### Dataset content:
──────────
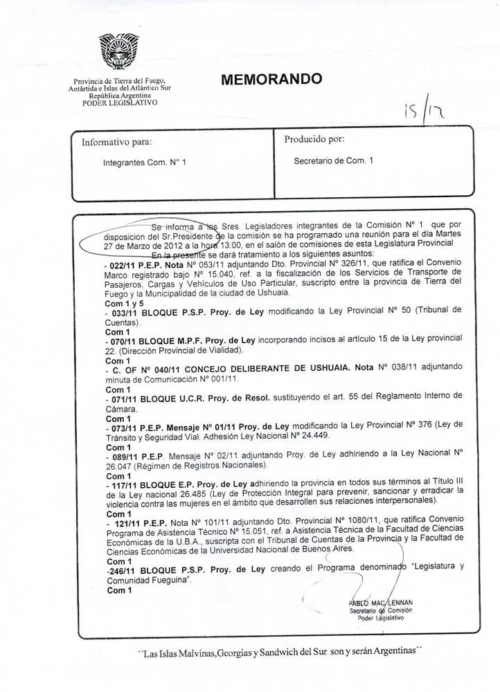 Se reunirá el martes 27 a las 13 en el Salón de Comisiones del edificio de los bloques políticos y se espera avanzar en una serie de temas, listados en el Memorando Interno de la Dirección de Comisiones. Se destacan: Asunto Nº 033/11 PSP Modificando la Ley Provincial Nº 50 (Tribunal de Cuentas); 070/11 MPF Modificando la Ley Provincial Nº 22 (Dirección Provincial de Vialidad); 071/11 UCR Modificando el Reglamento Interno de la Cámara, entre otros. Se adjunta facsímil para su conocimiento.
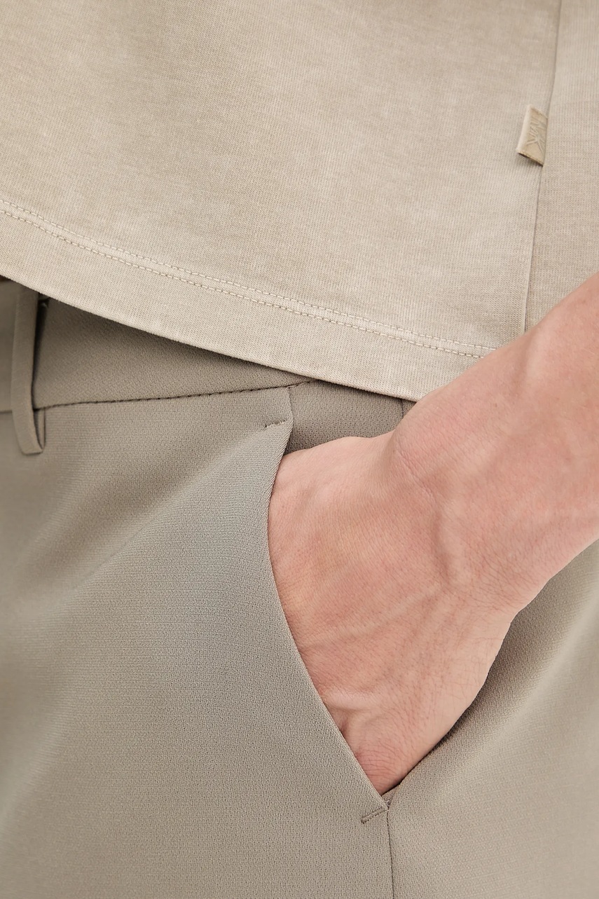 - Model z regularną talią i zapięciem na suwak, guzik i haftki.
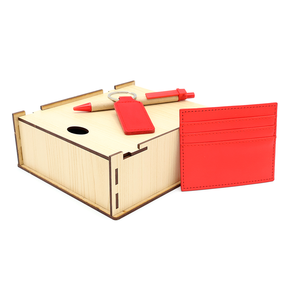Оригинальный и стильный набор, отличающийся утонченным стилем и совершенством деталей. Вам не придется думать над подарком - просто бери и дари! Упаковка из древесноволокнистной плиты высокой плотности (ХДФ/HDF) обеспечивает удобство погрузки и разгрузки, сохранность в пути. Состав набора: Подарочная коробка ламинированная из HDF 17,5*15,5*6,5 см - 1 шт. (Артикул: 53302) Ложемент см (ручка + Держатель банковских карт + Брелок) - 1 шт. (Артикул 53302.4) Держатель банковских карт Versal,красный - 1 шт. (Артикул: 37005.05) Брелок Hors, красный - 1 шт. (Артикул: 12019.05) Шариковая ручка Natural Bio, красный - 1 шт. (Артикул: 1020.05)
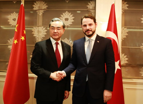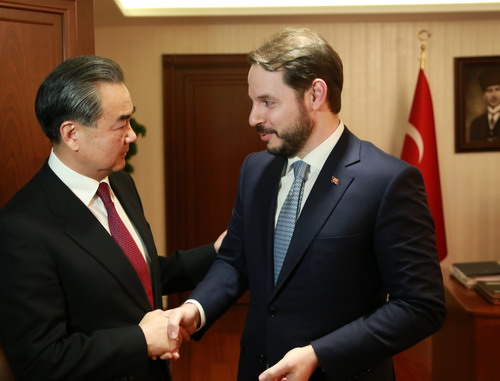 当地时间2016年11月14日,外交部长王毅在安卡拉会见土耳其能源部长、中土经贸联委会土方主席阿尔巴伊拉克。
──────────
### Assignment:
Extract, word for word, each line from the top of the data down to and including the line with "Оригинальный и стильный"; skip the pictures.

### Answer below:
 Se reunirá el martes 27 a las 13 en el Salón de Comisiones del edificio de los bloques políticos y se espera avanzar en una serie de temas, listados en el Memorando Interno de la Dirección de Comisiones. Se destacan: Asunto Nº 033/11 PSP Modificando la Ley Provincial Nº 50 (Tribunal de Cuentas); 070/11 MPF Modificando la Ley Provincial Nº 22 (Dirección Provincial de Vialidad); 071/11 UCR Modificando el Reglamento Interno de la Cámara, entre otros. Se adjunta facsímil para su conocimiento.
 - Model z regularną talią i zapięciem na suwak, guzik i haftki.
Оригинальный и стильный набор, отличающийся утонченным стилем и совершенством деталей. Вам не придется думать над подарком - просто бери и дари! Упаковка из древесноволокнистной плиты высокой плотности (ХДФ/HDF) обеспечивает удобство погрузки и разгрузки, сохранность в пути. Состав набора: Подарочная коробка ламинированная из HDF 17,5*15,5*6,5 см - 1 шт. (Артикул: 53302) Ложемент см (ручка + Держатель банковских карт + Брелок) - 1 шт. (Артикул 53302.4) Держатель банковских карт Versal,красный - 1 шт. (Артикул: 37005.05) Брелок Hors, красный - 1 шт. (Артикул: 12019.05) Шариковая ручка Natural Bio, красный - 1 шт. (Артикул: 1020.05)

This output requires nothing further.